Your task
The task calls for the lines below from the line with "4 касатки застряли" to the line with "Yogur Deslactosado Descremado", both ends included, copied exactly, without any pictures.

Data for review
###
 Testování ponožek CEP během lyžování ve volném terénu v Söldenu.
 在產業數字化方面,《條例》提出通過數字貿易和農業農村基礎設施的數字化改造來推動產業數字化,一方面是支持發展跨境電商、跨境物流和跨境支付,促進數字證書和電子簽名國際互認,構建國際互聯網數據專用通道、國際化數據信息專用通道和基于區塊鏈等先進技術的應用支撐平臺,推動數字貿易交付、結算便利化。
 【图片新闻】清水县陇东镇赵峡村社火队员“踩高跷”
###
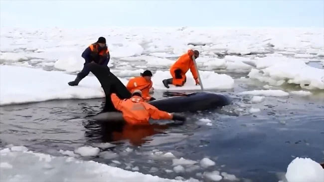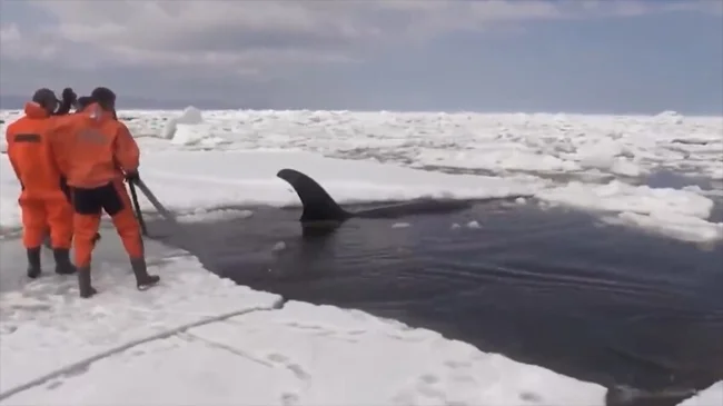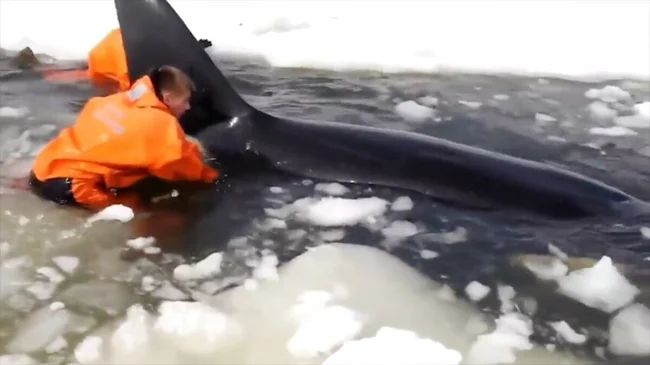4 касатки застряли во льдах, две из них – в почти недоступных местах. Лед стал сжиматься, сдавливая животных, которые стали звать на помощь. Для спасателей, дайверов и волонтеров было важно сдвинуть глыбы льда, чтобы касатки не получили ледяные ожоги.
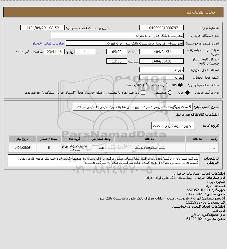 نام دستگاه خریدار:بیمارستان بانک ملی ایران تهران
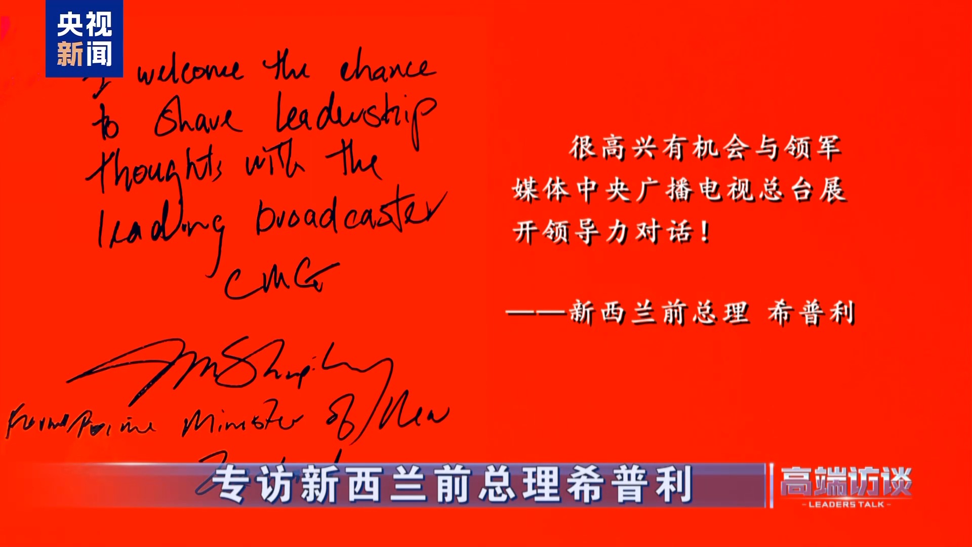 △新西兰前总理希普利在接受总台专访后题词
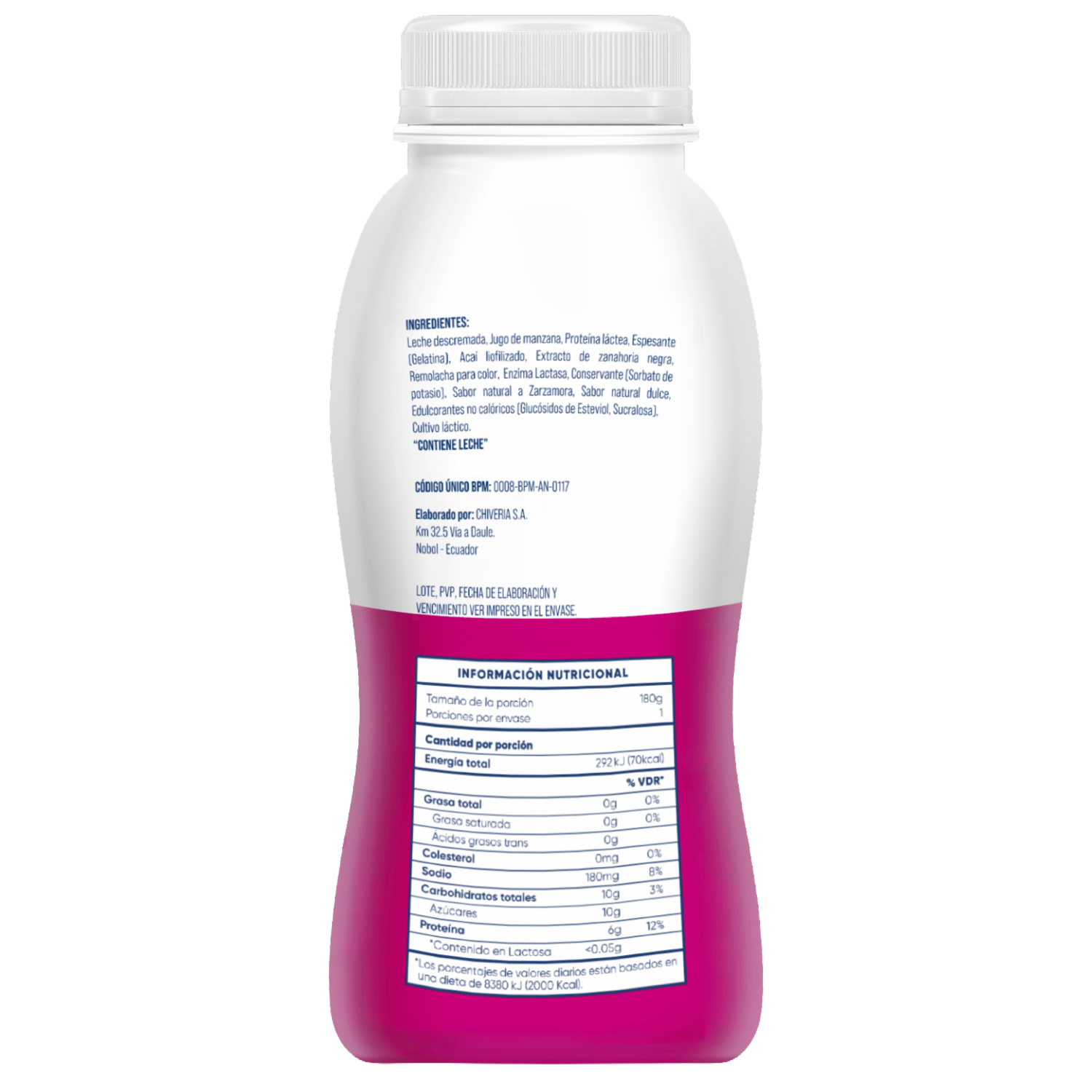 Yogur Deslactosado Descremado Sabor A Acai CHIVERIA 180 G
###
Exercise response
4 касатки застряли во льдах, две из них – в почти недоступных местах. Лед стал сжиматься, сдавливая животных, которые стали звать на помощь. Для спасателей, дайверов и волонтеров было важно сдвинуть глыбы льда, чтобы касатки не получили ледяные ожоги.
 نام دستگاه خریدار:بیمارستان بانک ملی ایران تهران
 △新西兰前总理希普利在接受总台专访后题词
 Yogur Deslactosado Descremado Sabor A Acai CHIVERIA 180 G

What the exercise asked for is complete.